Эстер остановилась в дверях и, оглянувшись, пристально посмотрела на невестку. В ее словах был какой-то намек. Уж не хочет ли она сказать, что они с Питером не прочь поработать рядом?

— Надеюсь, так и будет. Мы с тобой во многом похожи друг на друга.

Как и предполагала Эстер, Питер уже не тяготился присутствием Энн-Олимпии, скорее наоборот, он был счастлив, что она рядом. Хотя она по-прежнему принадлежала другому и всегда будет принадлежать, Питер радовался, что может беспрепятственно видеть ее, слышать ее голос, а порой и работать вместе с нею. Когда она была рядом, он забывал о том, что вечером нужно идти домой, в эту скорбную обитель слез, печали и горя. Энн-Олимпия стала чаще улыбаться, у нее словно камень с души свалился. Что касается Джонатана, то он преспокойно продолжал вести жизнь, полную удовольствий и развлечений.

По предварительному эскизу Эстер Питер выточил из дерева модель будущего жезла, чтобы выверить правильность разметки, составить общее представление о целостности формы и содержании всего замысла.
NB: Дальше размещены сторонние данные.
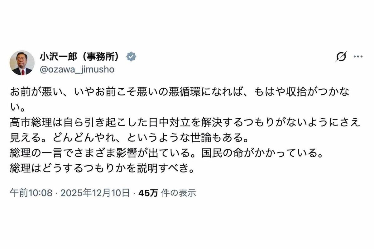 社会・事件 2025/12/12 立憲・小沢一郎氏、日中関係めぐり高市早苗首相への“苦言”投稿も「また外野から批判するだけ」国民呆れ声 高市早苗政治政治家議員野党中国中国・台湾 印刷 [写真 1/37枚目] 立憲民主党の小沢一郎衆院議員 [写真 2/37枚目] 日中問題をめぐる高市早苗首相の態度に苦言を呈した立憲民主党の小沢一郎衆院議員(本人のXより) [写真 3/37枚目] チリのガブリエル・ボリッチ大統領の右側から、奥の左肩に手を添えるように軽く身を寄せ、笑顔を向ける高市早苗首相(ボリッチ大統領のXより) [写真 4/37枚目] チリのガブリエル・ボリッチ大統領の右側から、奥の左肩に手を添えるように軽く身を寄せ、笑顔を向ける高市早苗首相(ボリッチ大統領のXより) [写真 5/37枚目] 高市早苗首相に対して好意的なコメントを投稿したチリのガブリエル・ボリッチ大統領(本人のXより) [写真 6/37枚目] 高市首相からの祝電が話題に(拡散されている投稿より) [写真 7/37枚目] 高市首相からの祝電が話題に(拡散されている投稿より) [写真 8/37枚目] マーガレット・サッチャーを思わせる、ブルーのスーツとパールを合わせたコーディネートが高市流(本人公式Xより) [写真 9/37枚目] エレガントなデザインと上質な素材が特徴のJunAshidaのスーツを高市氏は愛用中(ブランド公式HPより) [写真 10/37枚目] 高市効果で売り切れが続出している濱野皮革工藝の『グレースディライトトート』(公式サイトより) [写真 11/37枚目] SNSで拡散されている日米首脳会談時に乱れたNHK中継映像 [写真 12/37枚目] 阪神タイガースのスマホカバー。画像左、黒色の商品が高市早苗首相の愛用品(楽天市場より) [写真 13/37枚目] 高市早苗首相と握手を交わすトランプ大統領(首相官邸公式HPより) [写真 14/37枚目] 高市早苗首相のモノマネ投稿で賛否となっているキンタロー。(本人のXより) [写真 15/37枚目] 「首相動静」を伝えるアカウント。宿泊先まで報じることに疑問の声も(Xより) [写真 16/37枚目] 再婚後は高市姓を名乗っているという山本拓氏 [写真 17/37枚目] 2025年10月21日、恒例の総理官邸内の階段で写真撮影を行う高市内閣メンバー [写真 18/37枚目] 話題になったグレース ディライトトートを持つ高市首相(首相官邸公式サイトより) [写真 19/37枚目] 高市早苗公式Instagramより [写真 20/37枚目] 高市総理効果で売り切れが続出している濱野皮革工藝のグレース ディライトトート(公式サイトより) [写真 21/37枚目] 高市早苗総理大臣、就任後初の会見(2025年10月21日) [写真 22/37枚目] 高市早苗総理大臣、就任後初の会見(2025年10月21日) [写真 23/37枚目] 高市早苗総理大臣、就任後初の会見(2025年10月21日) [写真 24/37枚目] 高市早苗総理大臣、就任後初の会見(2025年10月21日) [写真 25/37枚目] 高市早苗総理大臣、就任後初の会見(2025年10月21日) [写真 26/37枚目] 高市早苗総理大臣、就任後初の会見(2025年10月21日) [写真 27/37枚目] 高市早苗総理大臣、就任後初の会見(2025年10月21日) [写真 28/37枚目] 10月22日、午前3時29分に投稿された首相官邸の公式X [写真 29/37枚目] 高市首相への暴言が問題となった中国の薛剣(せつけん)駐大阪総領事のX(本人の公式Xより) [写真 30/37枚目] 高市首相を「現地妻」と表現して炎上した元衆議院議員で共産党員の池内さおり氏の投稿(本人のXより) [写真 31/37枚目] 10月30日、高市早苗首相に対する問題発言の“火消し”のような投稿をした東ちづる。《女性だからこそ》と言っていたのに、今度は《女性に限らず》と述べて…(東のXより) [写真 32/37枚目] 高市早苗首相を批判した前参院議員の社民党副党首・大椿ゆうこ氏(公式Xより) [写真 33/37枚目] 高市早苗政権始動からの働きぶり「1か月通信簿」 ※週刊女性編集部がピックアップした項目について、各氏に100点満点で評価してもらった。判定は各項目を足し合わせた総合点から算出した平均値 [写真 34/37枚目] トランプ大統領と高市首相(高市首相本人Xより) [写真 35/37枚目] 体を寄せトランプ大統領と仲睦まじい様子の高市首相(高市首相本人Xより) [写真 36/37枚目] トランプ大統領と握手を交わす高市首相(代表撮影) [写真 37/37枚目] 共同文書に署名する高市総理(右)とアメリカのトランプ大統領(2025年10月28日) この写真の記事へ戻る

Были сделаны кое-какие поправки и затем точные размеры перенесены на заготовку, кусок листового серебра. Питер просто нанес на заготовку тонкий слой воска и приложил деревянный макет. Опиливанием занялась Энн-Олимпия. Неровные и шероховатые края она подточила напильником и отожгла на кузнечном горне. Остыв, серебро стало податливым, и Энн-Олимпия свернула лист в полую трубку. Она правила листовой металл до тех пор, пока края с большой точностью и плотностью не состыковались друг с другом, оставив лишь незначительный зазор для припоя. Оставалось только спаять обе части, и работа Энн-Олимпии на этом заканчивалась.

Эстер долго думала, куда поставить клеймо со своей монограммой. Это было не так-то просто, потому что давление, оказываемое на всю конструкцию при штамповке, могло нарушить форму. Пришлось напаивать уже проставленную пробу. Затем Эстер перешла к колпачкам, которые по ее замыслу должны были закупоривать трубку с обоих концов. Когда все было готово, из тонких узких полосок были сделаны кольца в соответствии с размером конуса. Они должны были укрепить шов сверху, снизу и посередине. Наконец настало время везти жезл в Пробирную палату. Управились за один день. И Эстер снова засела за работу: нужно было убрать кое-какие дефекты, оставленные маркировщиками в Палате мер и весов, и провести завершающую полировку. На это ушло немного времени. Эстер залюбовалась своей работой. Это было настоящее произведение искусства, радующее глаз своим изяществом и в то же время простотой. И что самое главное — наступило исцеление, не саднила уже старая рана, Эстер обрела покой.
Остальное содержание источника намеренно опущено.